The briefest summary of the events of his life will indicate the variety of his interests and occupations. Born in 1819 in Cambridge, Massachusetts, in the colonial house where he was to spend most of his life, he went to Harvard College, studied law—and abandoned it for a career of letters. He contributed verses and sketches to the magazines, edited a few numbers of an unsuccessful literary journal, The pioneer, brought out his first volume of poems, A Year's Life, in 1841, a second volume in 1843, and a collection of essays, Conversations on some of the old poets, in 1844.

In December of this year he was married to the poetess Maria White. The nine years of their married life until her death in 1853 mark a distinct period in Lowell's literary work. He contributed constantly both prose and verse to various journals, at first largely for those of the anti-slavery propaganda; and the Mexican War gave the opportunity for The Biglow papers, the first of which appeared in The Boston Courier of 17 June, 1846. In 1848 appeared a second collection of poems, the completed Biglow papers, and The Fable for critics. Lowell had won, in both popular and critical regard, an assured place in what was already an important national literature. The fifteen months which the family spent in Europe in 1851-52 seem to have increased his desire to widen the range of his poetry, but the ambitions that thronged with the return to America were interrupted by the death of his wife. A period of uncertainty followed his bereavement, and circumstances gave him a new occupation.

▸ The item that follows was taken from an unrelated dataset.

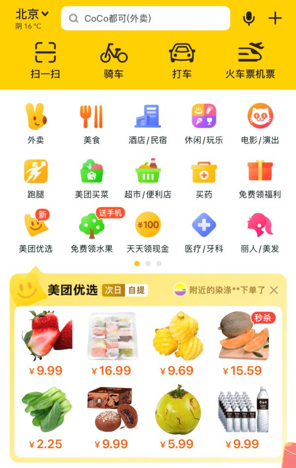 外卖、到店、酒店、旅游、社区团购、生鲜电商、打车、单车,以及2022年重新上线的电商业务,可以说,一个美团App装下了饿了么、携程、叮咚买菜、多多买菜、滴滴等多个App的功能。
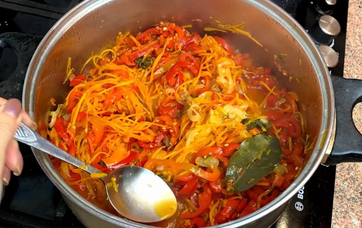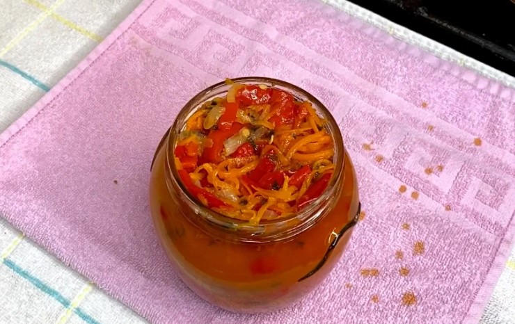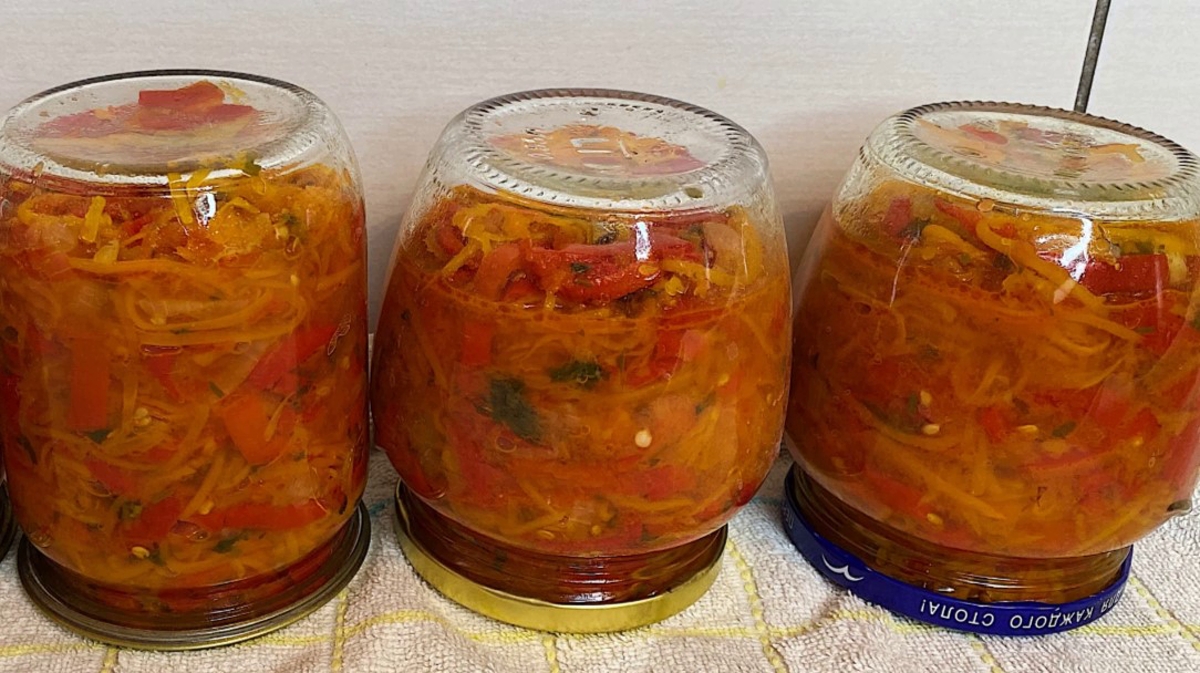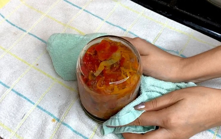 - Тепер розливаємо по баночках та накриваємо кришками. Салат потрібно ще простерилізувати.

In 1855 he delivered in Boston a course of twelve lectures (unpublished) on English poetry, and as a result of their success was appointed to succeed Longfellow as Smith Professor of the French and Spanish Languages and Literatures and Professor of Belles Lettres in Harvard College. A few months were spent in Dresden in preparation for a course on German literature, and in the fall of 1856 he began twenty years work as a teacher. In the following year he was married to Frances Dunlap and resumed life in Elmwood. His professorship turned his mind to criticism and scholarship, but did not hasten that stronger poetic flight for which he had felt himself preparing.